— Information shown —
BEGIN

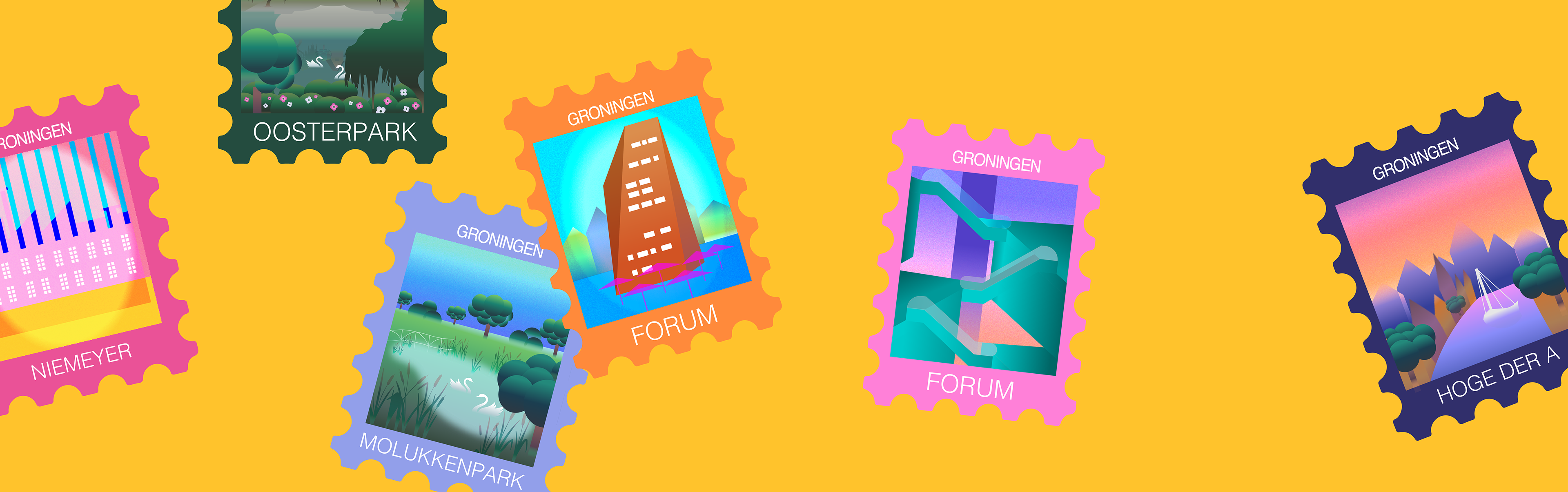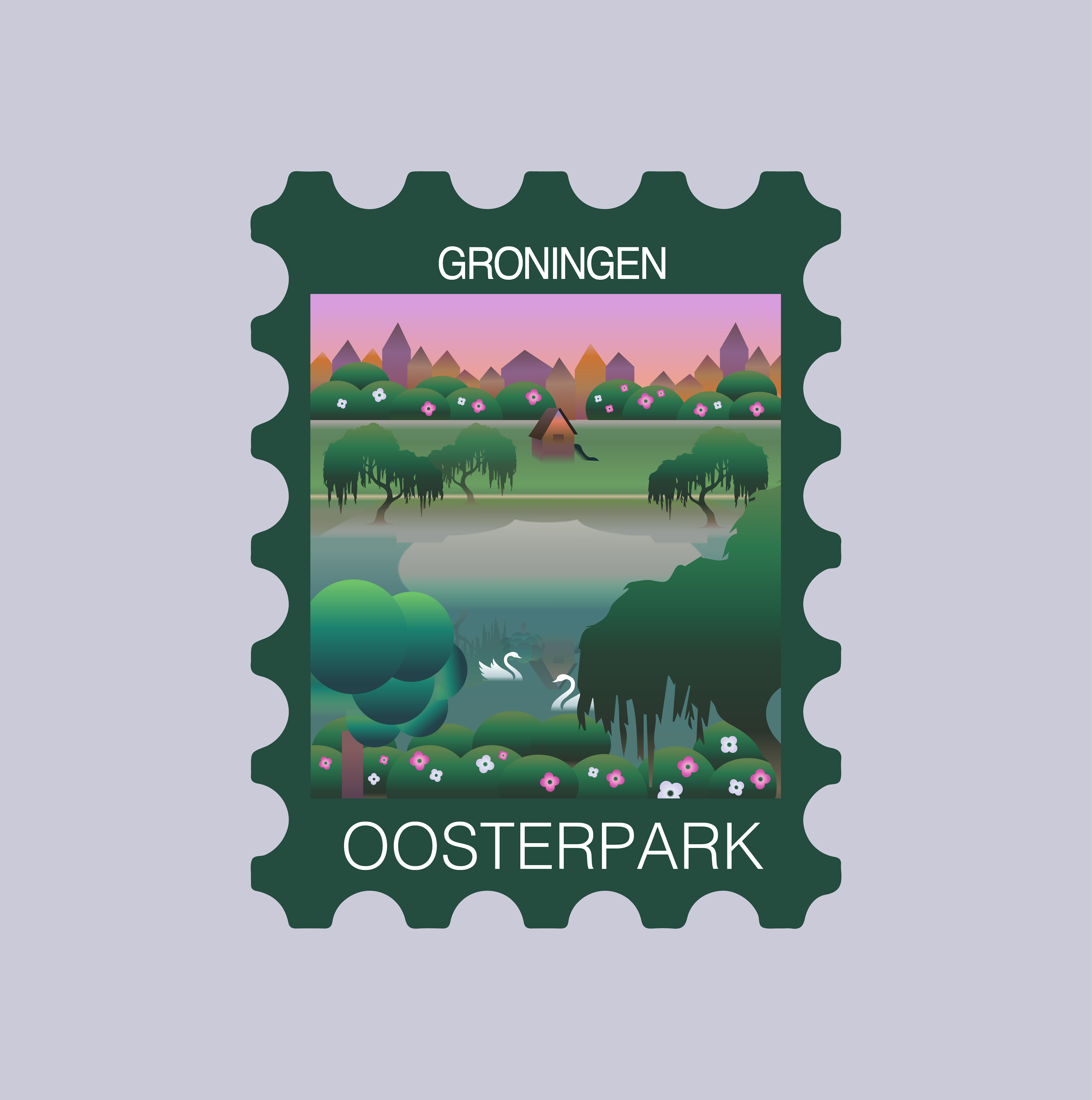 The stillness and wild color choices were selected to abstracify the personally solidified, last kept view about Groningen, rather than make a biased statement on how these locations should be observed.
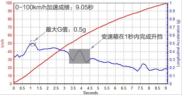 加速測試中,車輛在起步階段沒有迅速推出,而是有一個短暫的停滯。發動機的轉速在2600-2700rpm左右,輪胎伴有有輕微的打滑。從車身姿態上看,由于懸掛和避震行程的原因,車輛會出現略微抬頭的現象。最終,0-100km/h的加速成績為9.05秒。
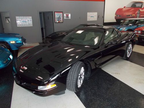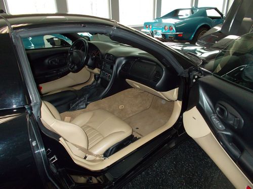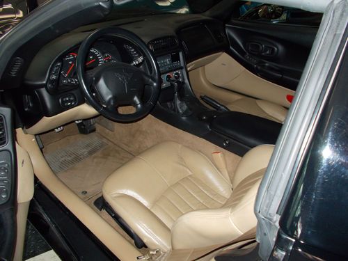 For sale is this beautiful black coupe Corvette it is equipped with a 6 speed manual transmission. Car just turn 50,000 miles. Car has the heads up display feature, tan leather interior, and the Delco BOSE stereo with single disc CD player. It also has Z06 style "Spyder" wheels. Car also has the removable roof panel.
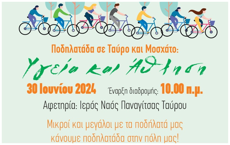 Τους κατοίκους της πόλης να πάρουν τα ποδήλατά τους και να συμμετάσχουν στην ποδηλατάδα που πραγματοποιείται στις 10 το πρωί της Κυριακής 30 Ιουνίου, καλεί ο Δήμος Μοσχάτου- Ταύρου.

END

— What you should do —
Everything from the line with "加速測試中,車輛在起步階段沒" through the last line of the listing should be retyped exactly, with both end lines kept and the pictures left out.

— Response to the exercise —
 加速測試中,車輛在起步階段沒有迅速推出,而是有一個短暫的停滯。發動機的轉速在2600-2700rpm左右,輪胎伴有有輕微的打滑。從車身姿態上看,由于懸掛和避震行程的原因,車輛會出現略微抬頭的現象。最終,0-100km/h的加速成績為9.05秒。
 For sale is this beautiful black coupe Corvette it is equipped with a 6 speed manual transmission. Car just turn 50,000 miles. Car has the heads up display feature, tan leather interior, and the Delco BOSE stereo with single disc CD player. It also has Z06 style "Spyder" wheels. Car also has the removable roof panel.
 Τους κατοίκους της πόλης να πάρουν τα ποδήλατά τους και να συμμετάσχουν στην ποδηλατάδα που πραγματοποιείται στις 10 το πρωί της Κυριακής 30 Ιουνίου, καλεί ο Δήμος Μοσχάτου- Ταύρου.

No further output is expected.